“if I do I do
if I don’t I don’t” -me
what else is there? this struck my mind like lightning and rumbled like thunder… so I posted it… so be it.. sometimes the simplest thought is the best thought, live life.
“if I do I do
if I don’t I don’t” -me
what else is there? this struck my mind like lightning and rumbled like thunder… so I posted it… so be it.. sometimes the simplest thought is the best thought, live life.

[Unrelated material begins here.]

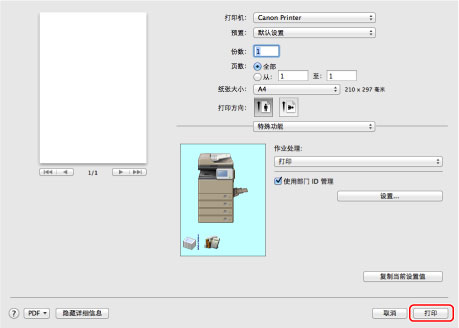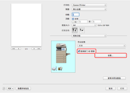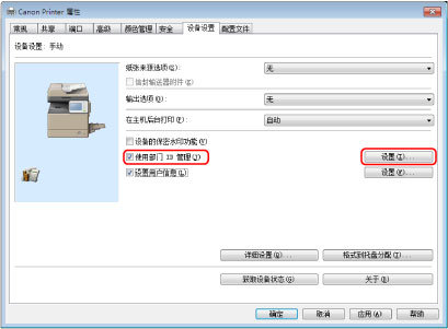 如果在“本机上的设置”的步骤2中选择了[打开],则“部门识别码管理”已设置。

the silk spun of a winter morn
a slight of grey
weighs –
up on over the land
a sheer coat of form
from that of man across earth herself
a pause-
the luster
of slumber frost
notes… woke up this morning (seems obvious), grabbed my cup of joe from the kcup kiosk installed in my kitchen (starbucks columbia in my uber fancy yeti travel mug – sheesh I’m a coffee dork), throwing my stuff in the car, the phone, the clipboard with all my nonesuch, and I notice it, that perfect coating, that sprayed on amazing coating of frost across the lawn and all the eyes (barely open) can take in, such perfection, sure, it’s damn cold, twenty degrees ain’t no joke, but even in the grip of all this, the little shimmering reflections all around, so I reflected on it for a moment, and this is what I found…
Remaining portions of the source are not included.